肉ととうもろこしをシンプルにゆでた、白いポソレ。食べる時に、乾燥とうがらしを加えるそうです。
serrano(セラーノ)などの緑色のとうがらしや緑色のトマトをいれた、緑のポソレ。
ancho(アンチョ)やcascabel(カスカベル)などの赤いとうがらしをいれた、赤のポソレ。
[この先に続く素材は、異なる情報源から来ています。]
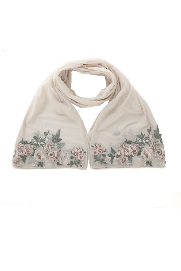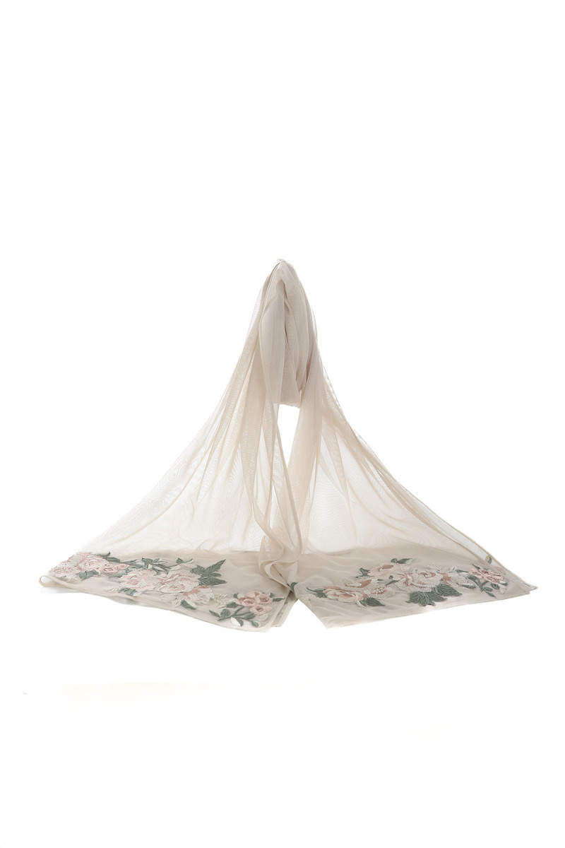 Elegantna ešarpa u bež nijansi oplemenjena autentičnim detaljima floralnog dezena.
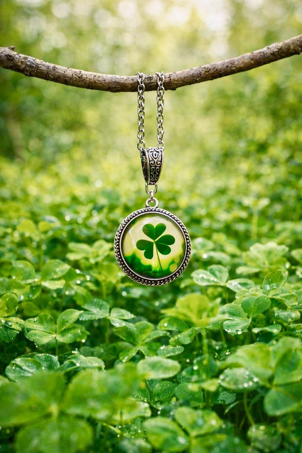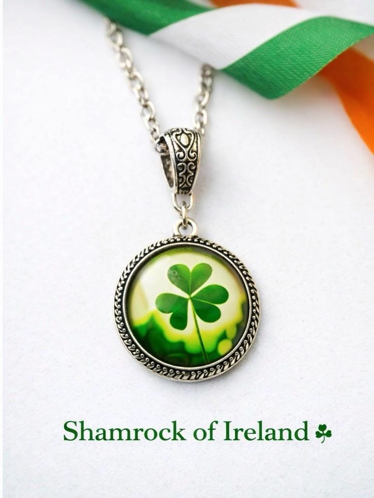 This 25mm shamrock pendant features a vibrant green design beneath a smooth resin dome, set in a silver bezel and suspended on a matching chain.

何種類もの肉ととうがらしの中から、好みのものを選んで組み合わせて作られるポソレという料理。
奥が深いです。

今日セニョーラが作ったのは、『ハリスコ州風ポソレ』。
豚の頭の肉と背の肉を使っています。
味付けは、赤いとうがらしancho(アンチョ)と乾燥とうがらしguajillo(グアヒージョ)を加えた、赤いポソレ。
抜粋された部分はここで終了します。